At least 3 phase III RCTs are under way to investigate the safety and efficacy of AHSCT compared with more recently developed DMTs. Data from these trials are expected to become available between 2024 and 2026, which may help clarify some aspects of clinical equipoise and provide an opportunity to align practice and guidelines. A health technology assessment that uses this data to perform economic analyses may help assess the overall cost-effectiveness of offering AHSCT for treating MS, given that there is potential for longer-term cost savings if DMTs are no longer required.

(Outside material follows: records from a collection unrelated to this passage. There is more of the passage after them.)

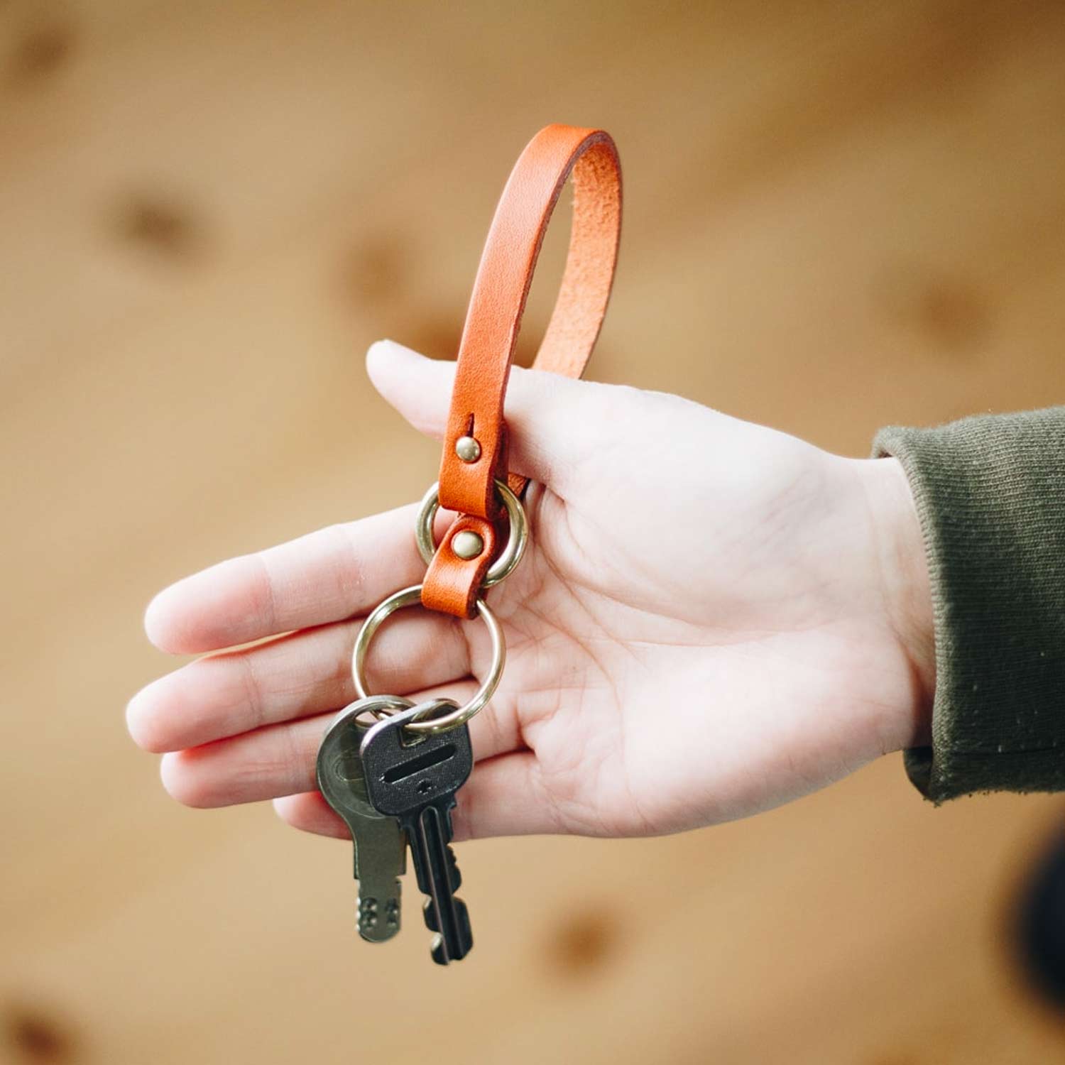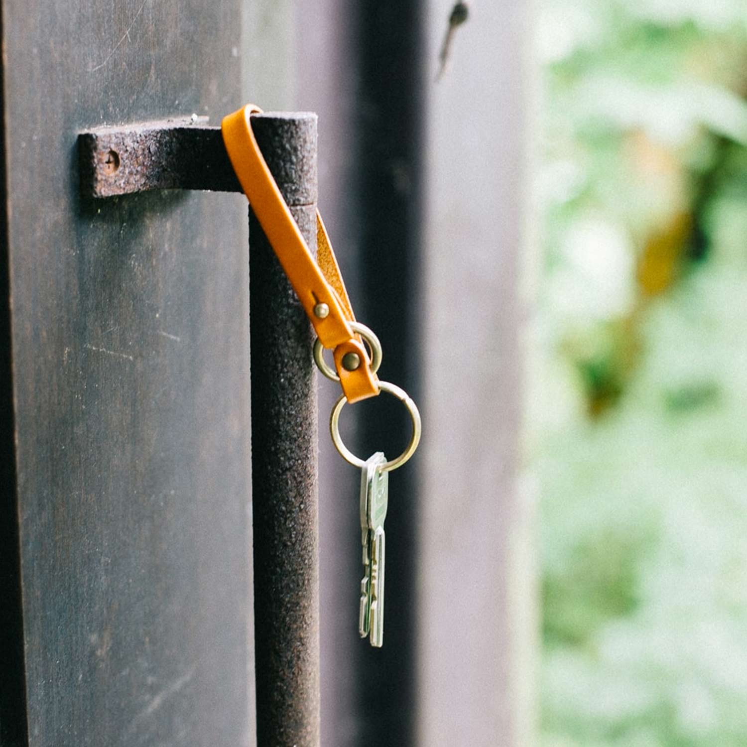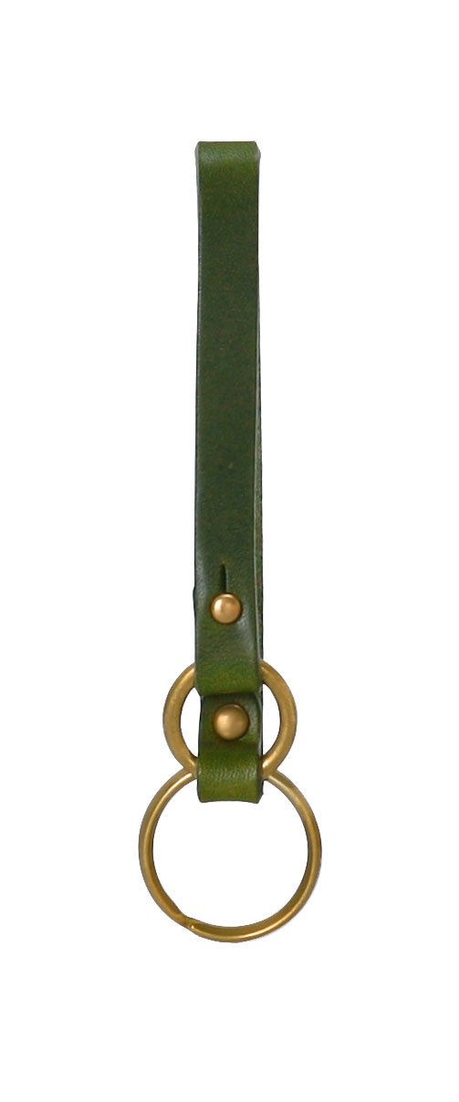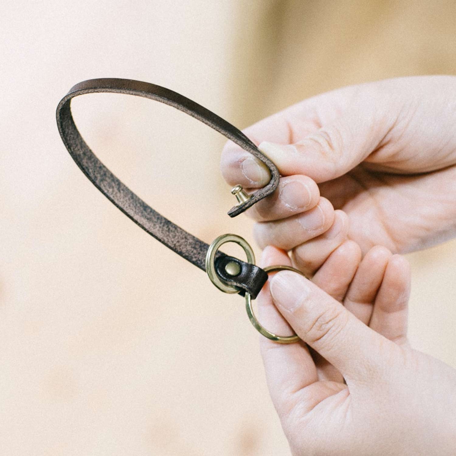 A long leather hook key chain with by Duram, a leather goods company from Fukuoka, Japan. The leather hook snaps into place through a button slit. Button and chain made of brass. Dimension: (W)1.2” x (H)5.2” x (D)0.1”
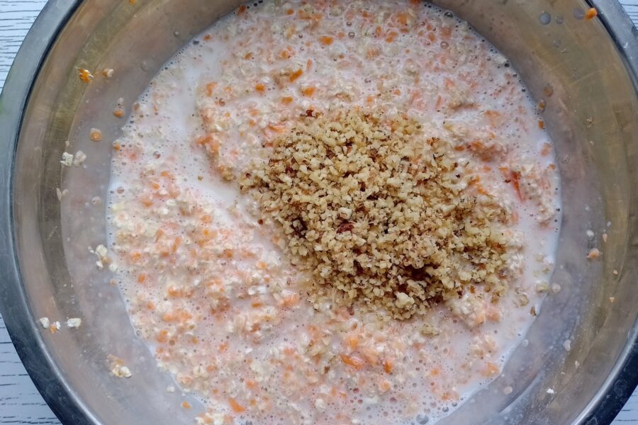 - Chop the carrots in a blender, then transfer them to a bowl along with the mashed bananas and rolled oats. If the oats are too large, it is best to chop them in the blender as well. Mix all the ingredients together.
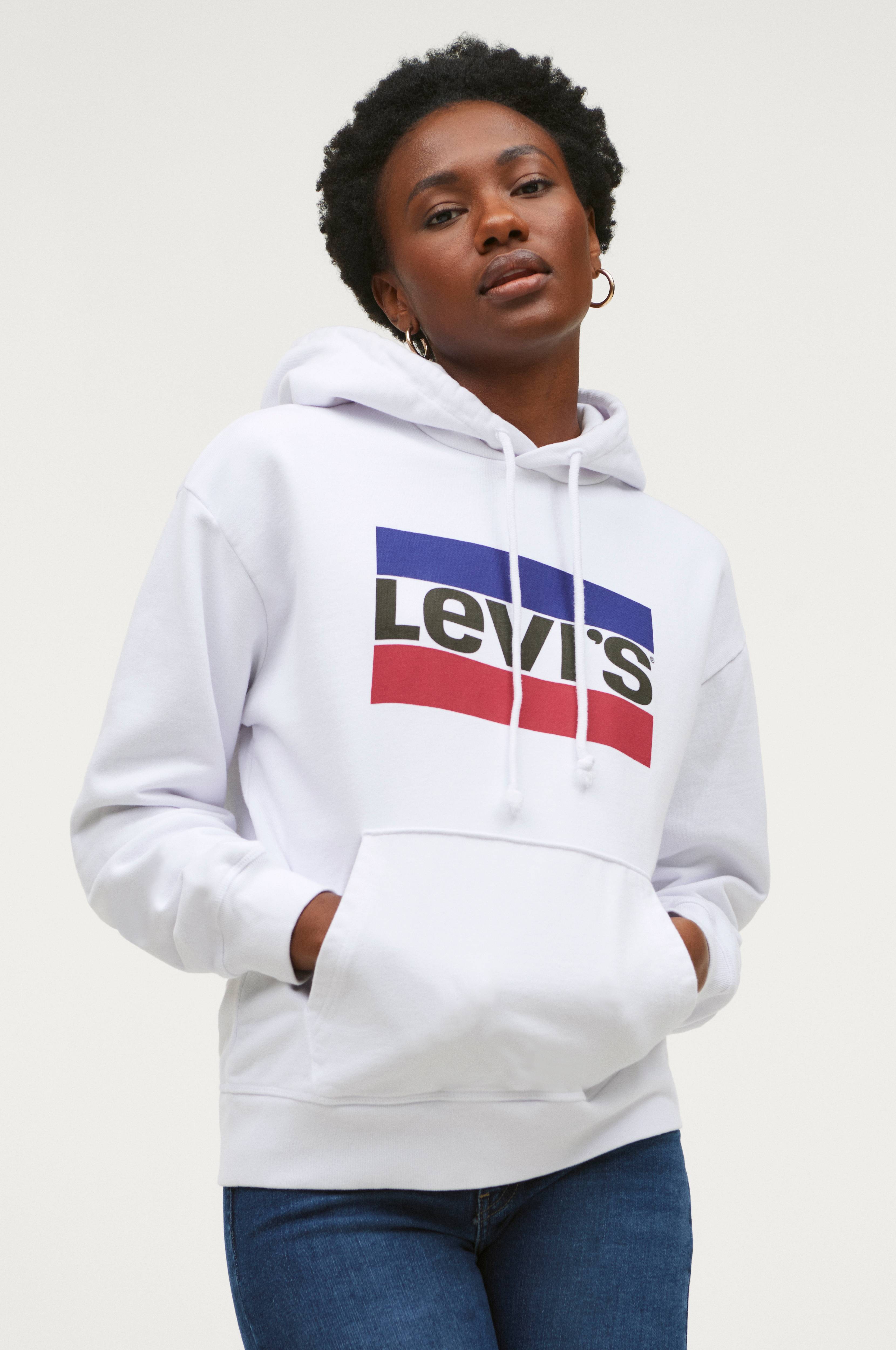 Hoodie med printet logo foran og kængurulomme. Hætte med løbegang. Rib i ærmekant og forneden.
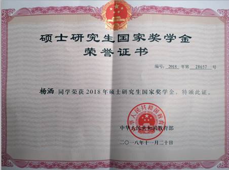 2019届现代教育技术专业硕士研究生毕业生杨洒获评硕士研究生国家奖学金
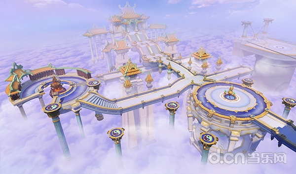 云腾雾绕,霞光隐隐,碧沉沉琉璃造就,明幌幌宝玉妆成,天宫场景主要由金碧辉煌的琉璃瓦和洁净无瑕的汉白玉步道构成。老君丹炉悬空而立,远处高台上金色的铁链交错,似乎是锁妖行刑之处。飞檐斗拱的楼阁左右穿插,云雾之间拾阶而上是堂皇庄严的凌霄宝殿。华贵中不失化外之感,果然是天宫气象。
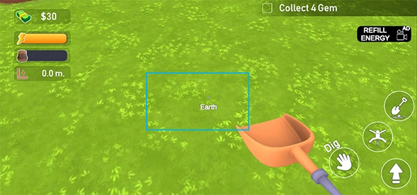 你可以通过点击屏幕或者滑动屏幕来操控角色,让它挖掘土壤、沙石以及岩石层,从而不断地向下掘进。
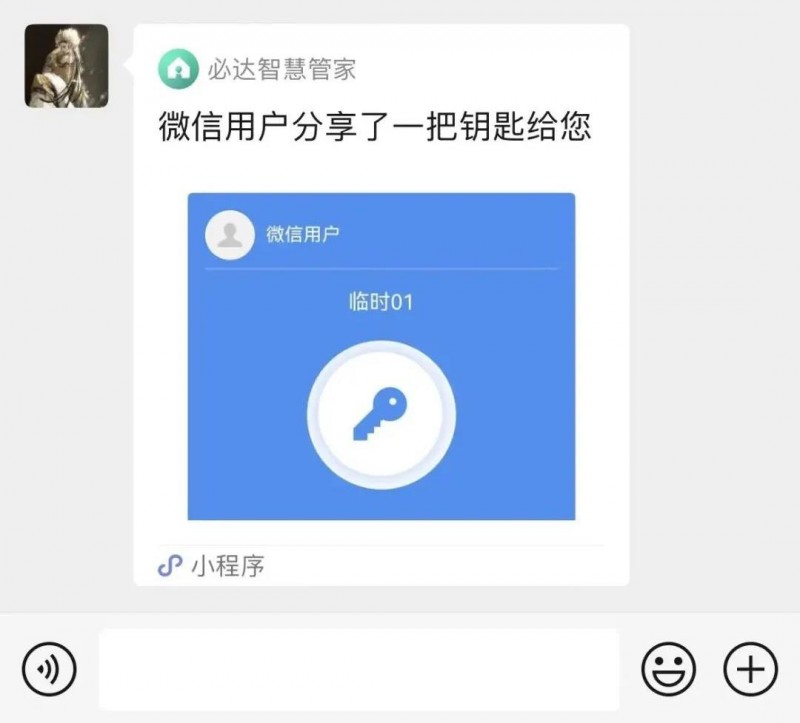 當用戶不在家時,如果有親朋好友臨時來訪,可以通過小程序發(fā)送臨時/一次性密碼,通過微信發(fā)送給好友,好友只需點擊小程序即可領取密碼,進行開鎖。
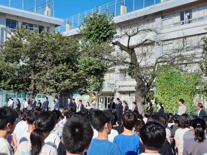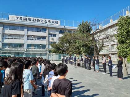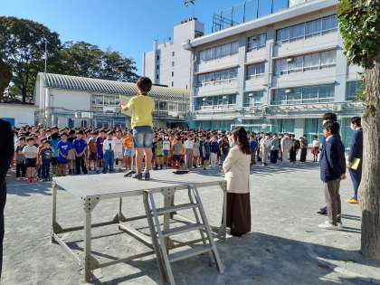 後期の始業式を校庭で行いました。3年生の代表児童が後期の抱負を述べました。
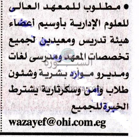 يعلن المعهد العالى للعلوم الادارية بأوسيم عن حاجته الى معيدين واعضاء هيئة التدريس، وعلى الراغبين فى الحصول على الوظيفة ارسال السيرة الذاتية عبر الايميل المنشور فى اهرام اليوم الجمعة الموافق 19 اكتوبر 2018.
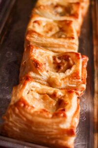 Gratinerade smördegssnittar! Något att njuta av till helgen kanske? Dessa åt vi på andra advent och de var så goda så hälften hade varit nog. Gratinerade smördegssnittar med den här fantastiska röran alltså, den är såååå god! Jag blandade färskost, lagrad riven prästost, fikonmarmelad, salt & peppar och alltså den röran som gratinerades i smördegssnittarna. Wooooow! Så vaninnigt gott, du måste testa dessa frasiga gratinerade härligheter till smördegssnittar.

Models of Care and Funding

Decisions about models of care may need to be revisited once the results of ongoing phase III RCTs are published. For example, transplants could be centralized at designated specialist centres where specific experience and expertise could be further developed. Then, strategies could be implemented to facilitate access to those centres, which could include the development of interprovincial and territorial agreements. Alternately, the transplant capacity that already exists could be relied on more fully. These decisions must consider the importance of maintaining equitable access and approaches to care delivery.

People undergoing the AHSCT procedure and their caregivers must travel away from their homes and stay at, or close to, the transplant centre for at least several months if they do not already live near a transplant centre. This leaves them responsible for many of the related costs, which introduces potential inequities in access due to geography and social and/or financial position. Therefore, opportunities to prepare them for, or to reduce, out-of-pocket expenses (including systems to support time away from work) should be considered. Public funding or the support of not-forprofit organizations could potentially be used to help provide financial and logistical support for travel and short-term relocation.

Existing Interest and Networks Across Canada

Offering AHSCT for the treatment of MS will require interest, motivation, and knowledge among MS health care professionals, including transplant physicians, neurologists, and MS specialists. In Canada, there is inconsistent interest in and knowledge of the procedure. To support health system planning, it would be helpful to understand the reasons for the inconsistent interest and work with MS health care professionals to identify barriers and opportunities for addressing them.

The Foundation for the Accreditation of Cellular Therapy (FACT) accredits centres for both autologous and allogenic transplants. Most transplant centres where AHSCT for MS could be provided are accredited by FACT and, therefore, those centres could serve as a network for sharing resources and protocols. Similarly, Cell Therapy Transplant Canada has members from all Canadian provinces and could provide a platform for AHSCT research, guidelines, and education to support decision-makers.